Genomic and RNA base editing are potential therapeutic approaches for treating human disease. Genomic editing has been used to successfully repair a gene responsible for hearing loss in mice. In a recent study, scientists have successfully edited RNA in living animals so that the repaired RNA can correct mutations in proteins, thus improving the neurasthenia caused by Rett syndrome. The results were published in the recent journal Cell Reports.
Rett syndrome (RTT) is a severe neurological disorder that is caused by mutations in the methyl-CpG-binding protein 2 (MECP2) gene. Classical RTT affects around 1 in 10,000 live female births and is characterized by an about 6‑month period of overtly normal development. This is followed by the onset of symptoms, which include deceleration of head growth, breathing disturbances, gait abnormalities, loss of speech and the replacement of purposeful hand movements with repetitive stereotypes. The disease is rarely observed in males, as mutations in MECP2 are generally paternally rather than maternally derived, and inactivation of the sole X‑linked copy of MECP2 results in severe neonatal encephalopathy and early lethality.
Mandel and co-authors, led by postdoctoral fellow John Sinnamon, Ph.D., have been working on a method to repair the mutated MeCP2 protein at the RNA or RNA level, which acts as a messenger for the synthesis of proteins controlled by DNA. They focused on RNA base editing because it does not have the same sequence constraints as DNA base editing. Earlier work has proved the potential of site-directed RNA editing for treating human disease. Recently, a demonstration of successful in vivo RNA editing was published using G>A mutant mouse models of Duchenne muscular dystrophy and ornithine in vivo transcarbamylase deficiency. Their study suggests that in vivo programmable RNA editing can also efficiently edit target RNA in heterogeneous nervous tissue, leading to functional repair of a patient mutation in mice representing a human neurological disease.

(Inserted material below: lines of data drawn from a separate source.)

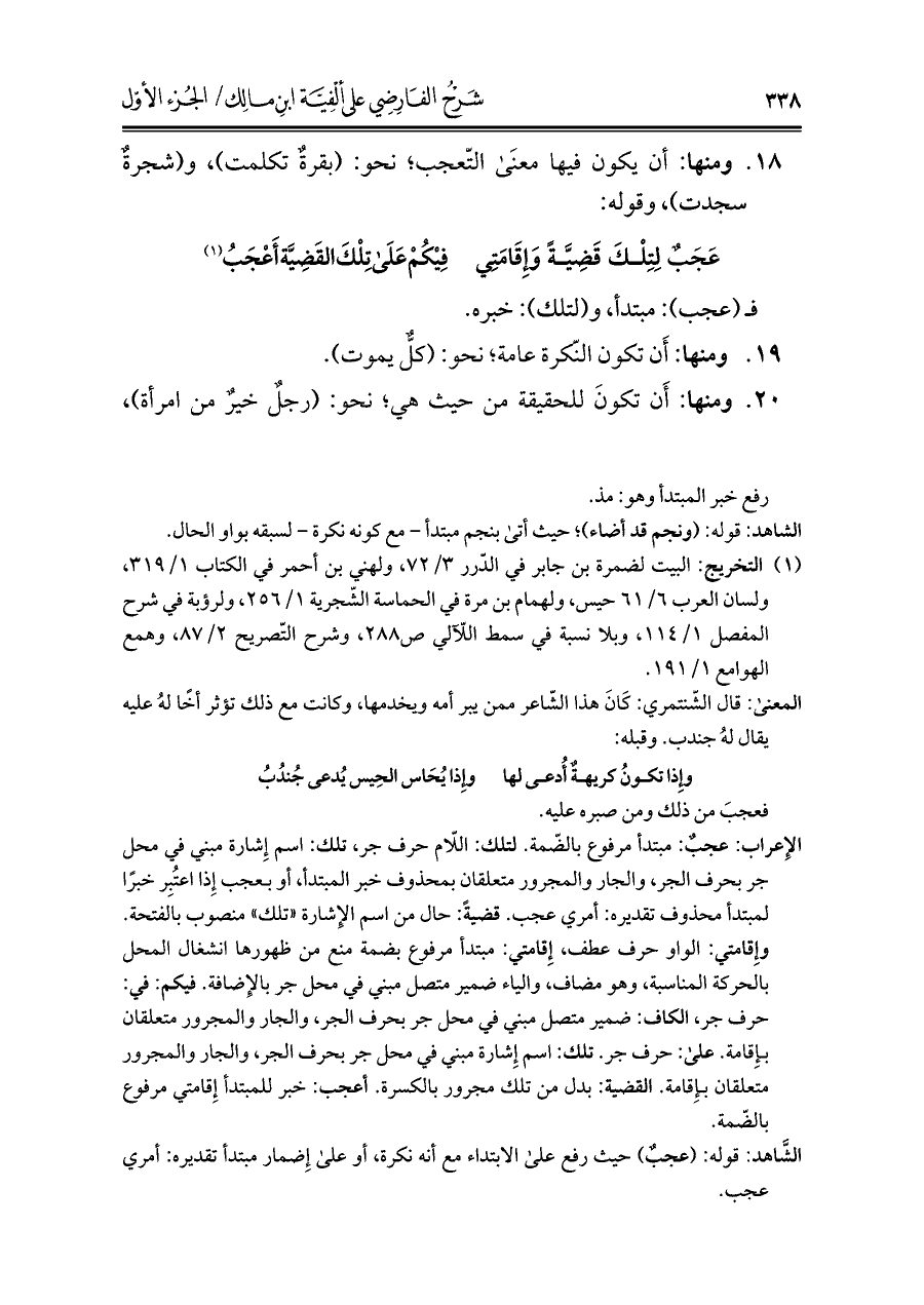 ١٨. ومنها: أن يكون فيها معنى التّعجب؛ نحو: (بقرةٌ تكلمت)، و (شجرةٌ سجدت)، وقوله:
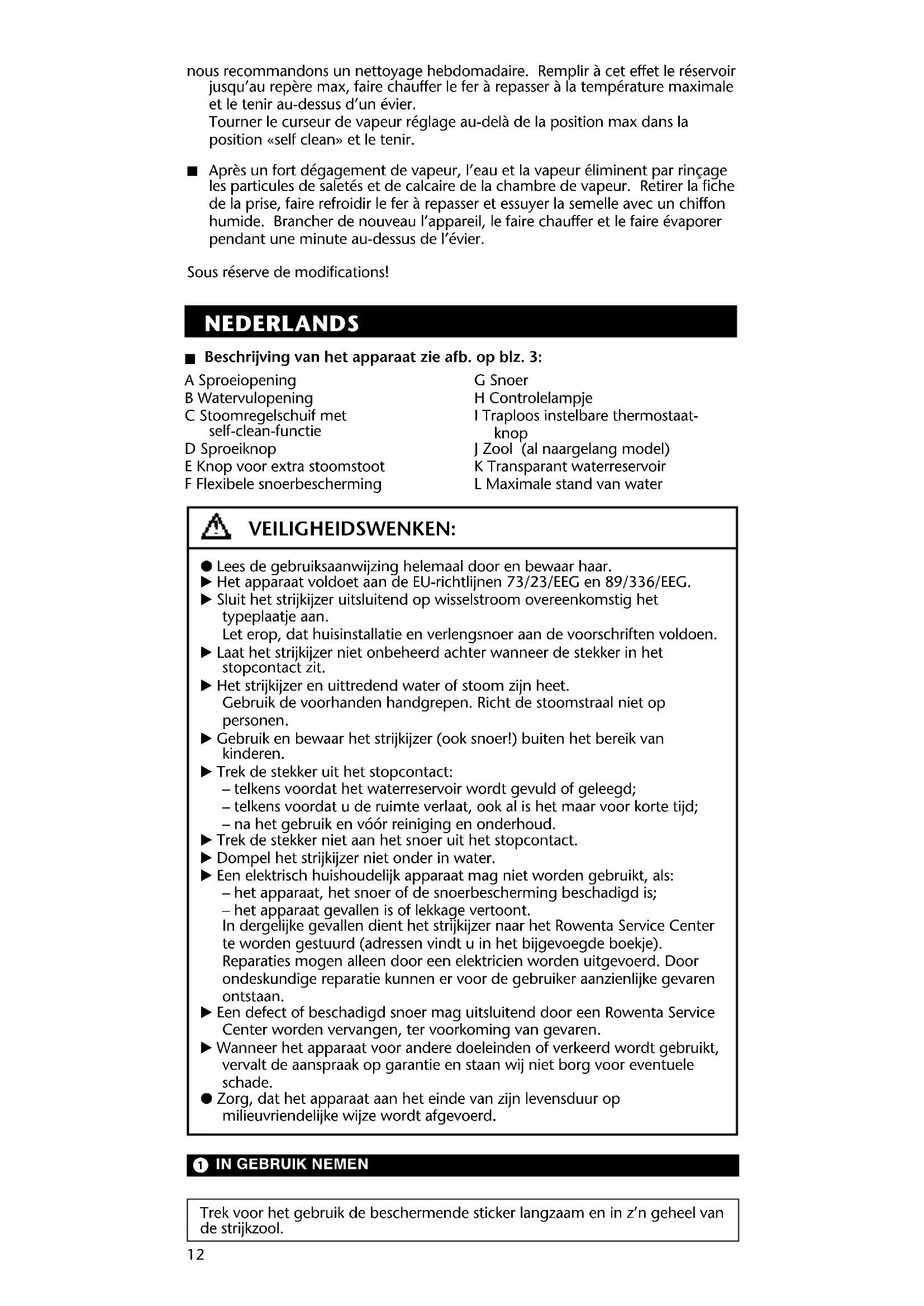 Trek voor het gebruik de beschermende sticker langzaam en in z’n geheel van de strijkzool. VEILIGHEIDSWENKEN: P Lees de gebruiksaanwijzing helemaal door en bewaar haar. E Het apparaat voldoet aan de EU-richtlijnen 73/23/EEG en 89/336/EEG. E Sluit het strijkijzer uitsluitend op wisselstroom overeenkomstig het typeplaatje aan. Let erop, dat huisinstallatie en verlengsnoer aan de voorschriften voldoen. E Laat het strijkijzer niet onbeheerd achter wanneer de stekker in het stopcontact zit. E Het strijkijzer en uittredend water of stoom zijn heet. Gebruik de voorhanden handgrepen. Richt de stoomstraal niet op personen. E Gebruik en bewaar het strijkijzer (ook snoer!) buiten het bereik van kinderen. E Trek de stekker uit het stopcontact: – telkens voordat het waterreservoir wordt gevuld of geleegd; – telkens voordat u de ruimte verlaat, ook al is het maar voor korte tijd; – na het gebruik en vóór reiniging en onderhoud. E Trek de stekker niet aan het snoer uit het stopcontact. E Dompel het strijkijzer niet onder in water. E Een elektrisch huishoudelijk apparaat mag niet worden gebruikt, als: – het apparaat, het snoer of de snoerbescherming beschadigd is; – het apparaat gevallen is of lekkage vertoont. In dergelijke gevallen dient het strijkijzer naar het Rowenta Service Center te worden gestuurd (adressen vindt u in het bijgevoegde boekje). Reparaties mogen alleen door een elektricien worden uitgevoerd. Door ondeskundige reparatie kunnen er voor de gebruiker aanzienlijke gevaren ontstaan. E Een defect of beschadigd snoer mag uitsluitend door een Rowenta Service Center worden vervangen, ter voorkoming van gevaren. E Wanneer het apparaat voor andere doeleinden of verkeerd wordt gebruikt, vervalt de aanspraak op garantie en staan wij niet borg voor eventuele schade. P Zorg, dat het apparaat aan het einde van zijn levensduur op milieuvriendelijke wijze wordt afgevoerd.13DM-100
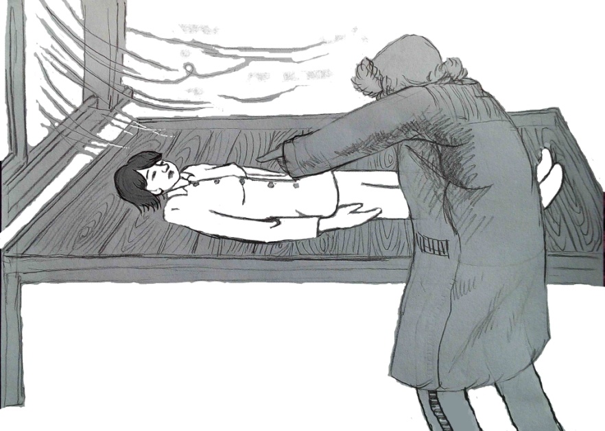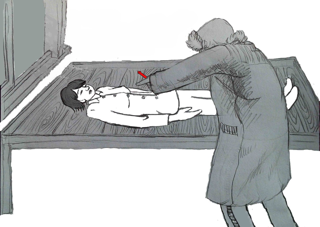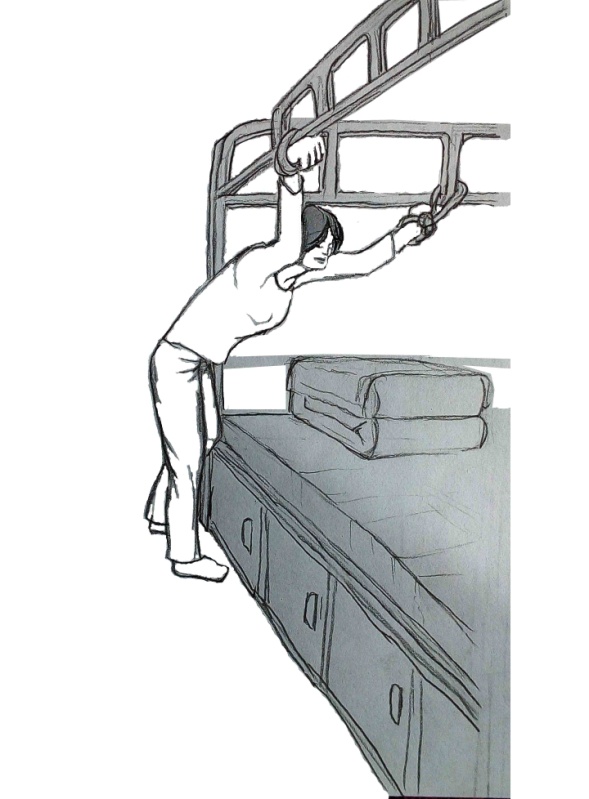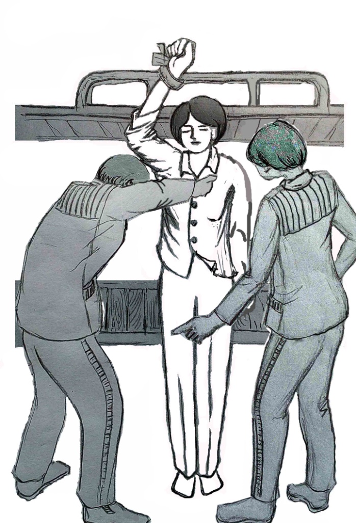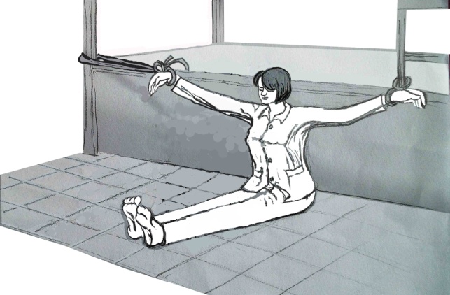 恶人又把张艳弄站起来,左手伸到床里边,用手铐铐在床的侧面立柱上,右手铐在床的正面上铺横梁上,脚底下有铁皮柜挡着,局限两脚位置不能向前受力,只能身体前倾,身体重量都落在两个手铐与手腕的接触部位。不久手腕就被手铐勒破出血。包夹们就用枕巾或毛巾把张艳手腕缠上再上手铐。他们高兴了让她上厕所,不高兴一天都不让上一次厕所,尿裤了就在身上焐干,还总骂张艳脏身上有味。

Figure 1. Editing repairs the Mecp2 RNA mutation and protein function across neuronal types
This new study targets and repairs MeCP2 protein in a variety of cell types. "We repaired MeCP2 protein in three different neuronal populations," Mandel said. "So, assuming that we can provide a wide range of editing components, it's possible that it would work throughout the brain."
In this study, using a Rett syndrome mouse model, they determine whether mutant Mecp2 RNA, in distinct neuronal subpopulations in the postnatal mouse brain, is accessible to programmable RNA repair and whether MeCP2 protein function is also restored. They also determine the on- and off-target editing landscape in one of these populations of neurons using whole-transcriptome analysis.
Their results showed a uniformity of 50% editing and a comparable association of MeCP2 protein with heterochromatin across several hippocampal neuronal subtypes. This result indicates that, using peripheral injections, neuronal populations across the brain should share a similar repair rate. However, how much repaired MeCP2 per cell is necessary and how many neuronal and glial cells need to be repaired to reverse Rett syndrome phenotypes in mice is unclear. Previous reports suggest that the mouse and human nervous systems are very sensitive to the levels of MeCP2 expression, and even a 2-fold increase in MeCP2 levels leads to a neurological phenotype. Although it is unlikely that 50% repair per cell will result in a wild-type mouse, this level of repair could be reasonably expected to result in significant improvement in Rett syndrome-like phenotypes in treated mice, and, more importantly, programmable editing will never cause overexpression of MeCP2.
While the Oregon Health and Science University research shows that RNA repair holds promise as a proof of concept, Mandel emphasized that more research needs to be done to test whether it reverses Rett-like behaviors in mice, and to improve the efficiency and specificity of the repair.